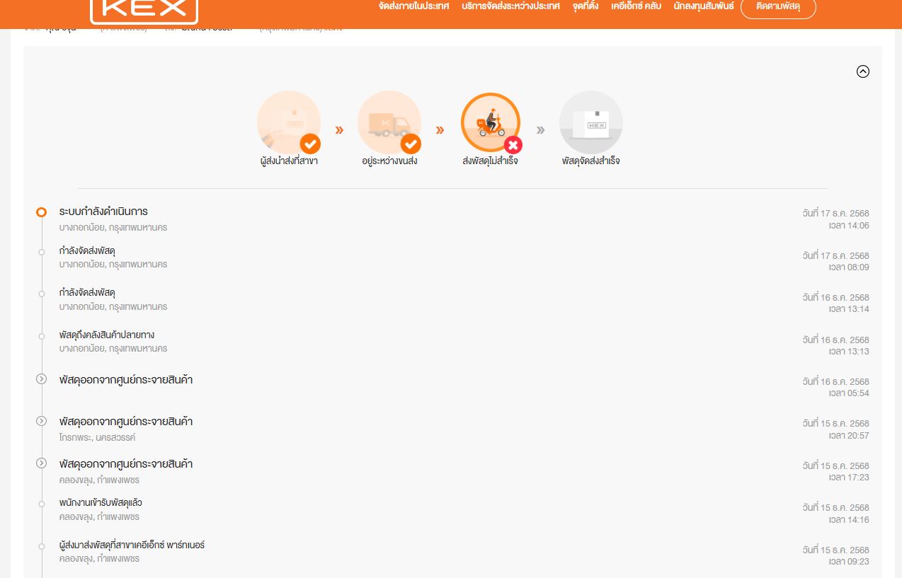 เราจัดส่งสินค้าผ่านช่องทาง kex ตั้งแต่วันที่13/12/68 เมื่อวานได้โทรตามร้องเรียน call center แจ้งเบอร์โทรที่ถูกต้องตามกล่องพัสดุแล้วก็ยืนยันว่าจะส่งให้ในวันรุ่งขึ้นคือวันนี้ 18/12/68 แต่ทางปลายทางก็ยัง
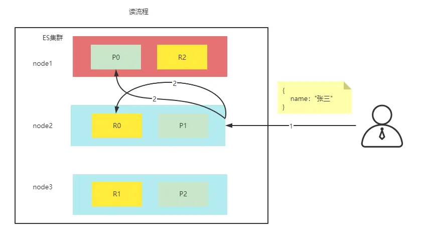 - 客户端请求集群(任意)节点,找到的节点会被称为协调节点,图中为指定 node2 为协调节点
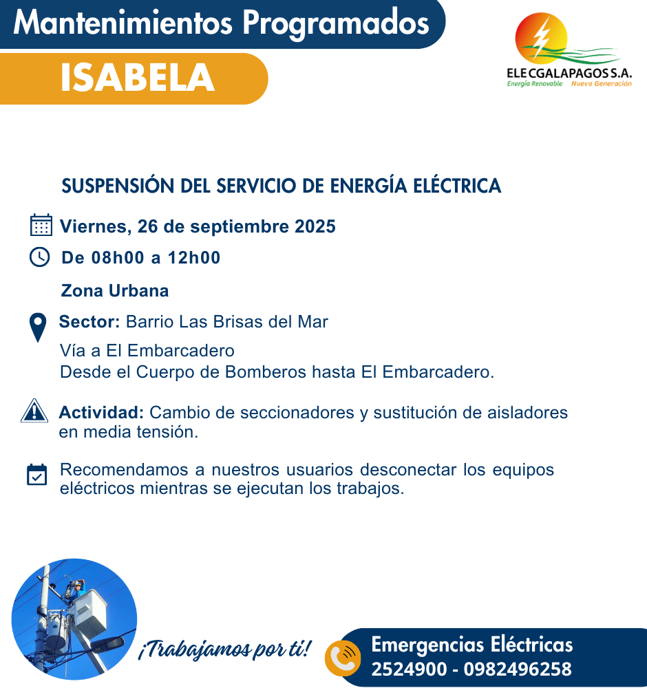 Atención, en Isabela trabajos programados, 27 y 28 de mayo 2025.
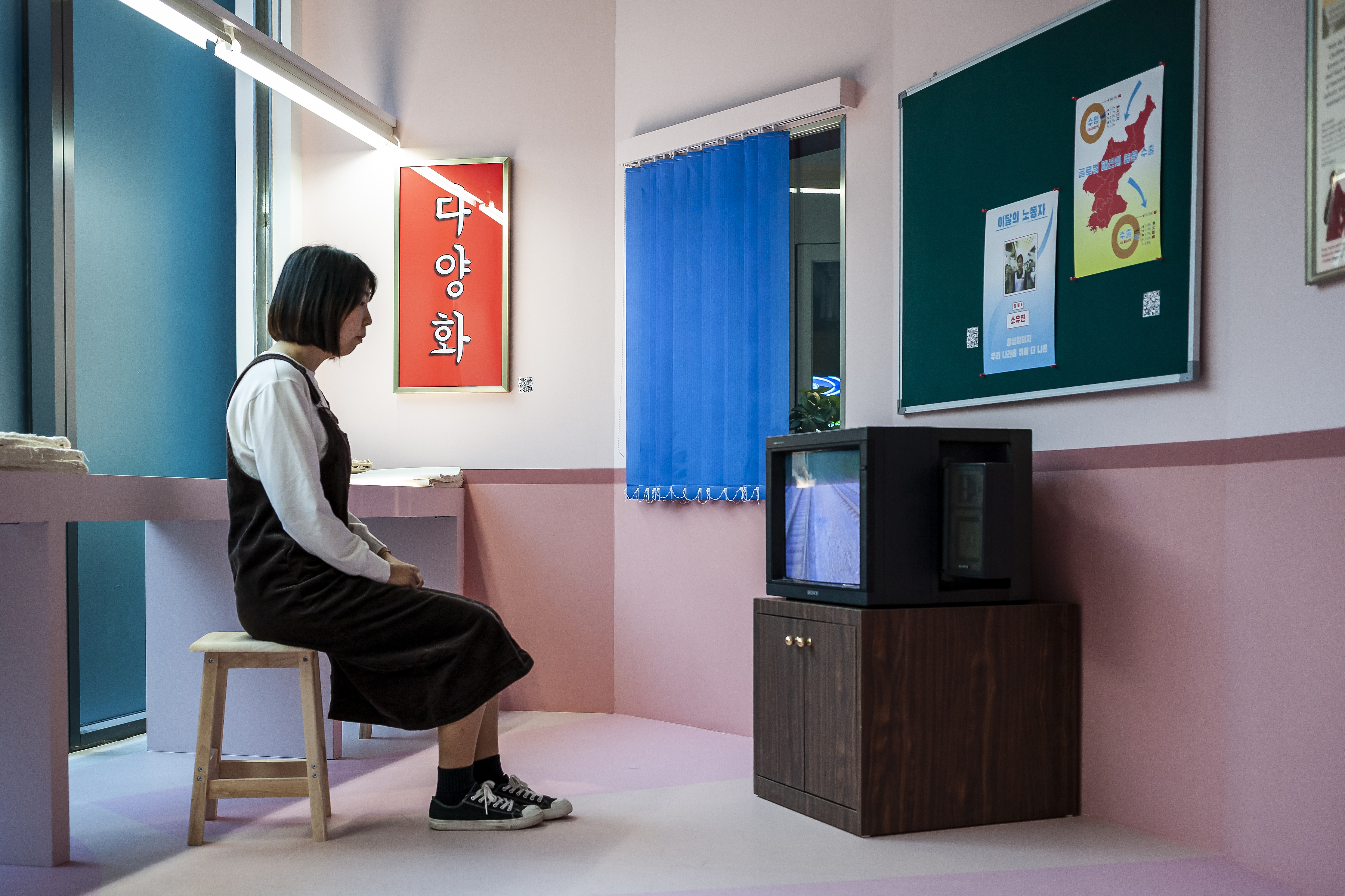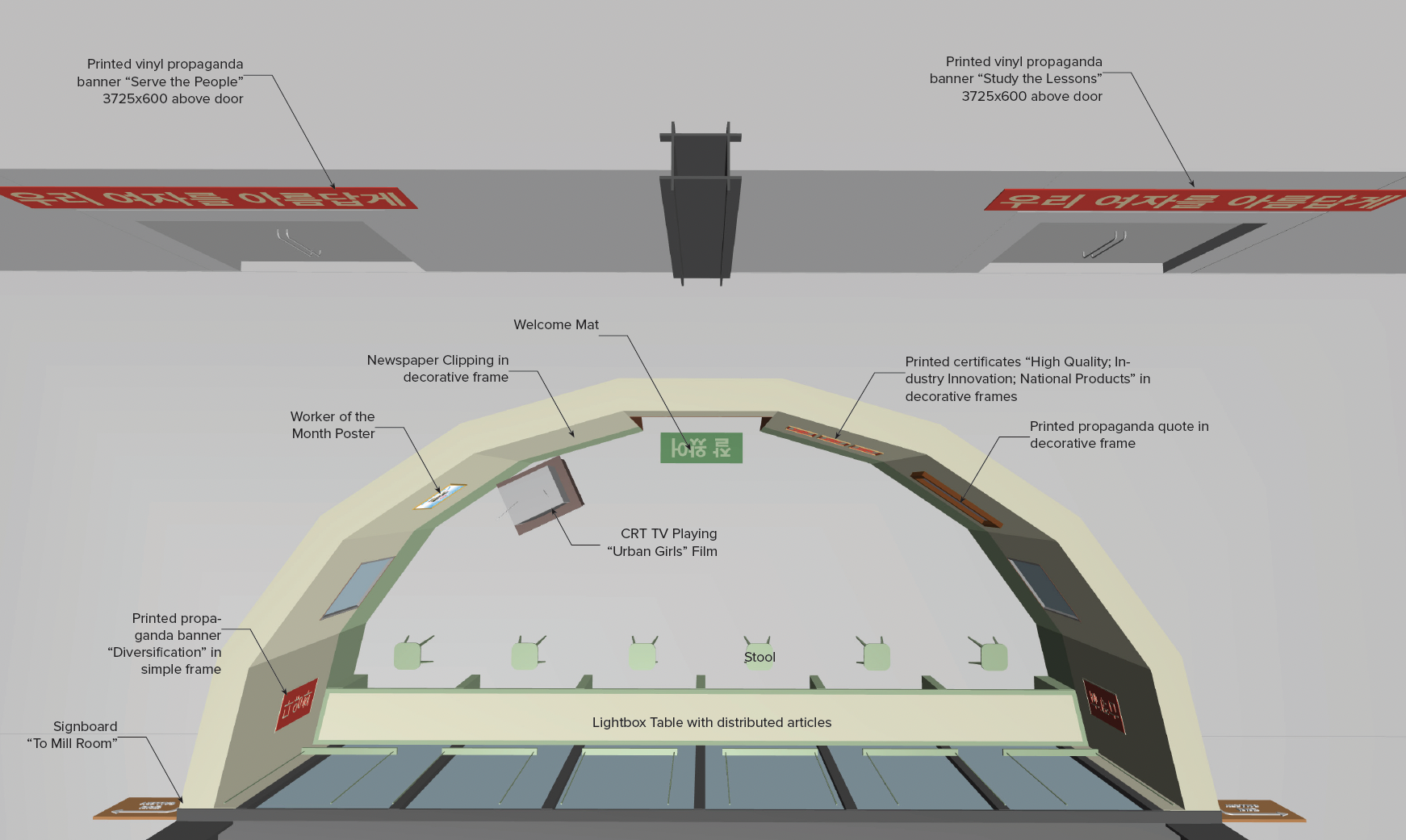 The scene setting in Myeon-bang is a DPRK cultural project that weaves a compelling tale of the nation’s second-largest export industry. It is inspired by multiple visits to Kim Jong Suk Textile Mill – DPRK’s largest textile factory floor in Pyongyang.

WHAT TO WORK ON: Every line above in the stretch from the one with "- 客户端请求集群(任意)节点,找到的节点会被称为协调节点,图中为指定 node2" through the one with "Atención, en Isabela" is to be transcribed exactly, ends included. No picture is copied.

OUTPUT FOR THIS EXERCISE:
 - 客户端请求集群(任意)节点,找到的节点会被称为协调节点,图中为指定 node2 为协调节点
 Atención, en Isabela trabajos programados, 27 y 28 de mayo 2025.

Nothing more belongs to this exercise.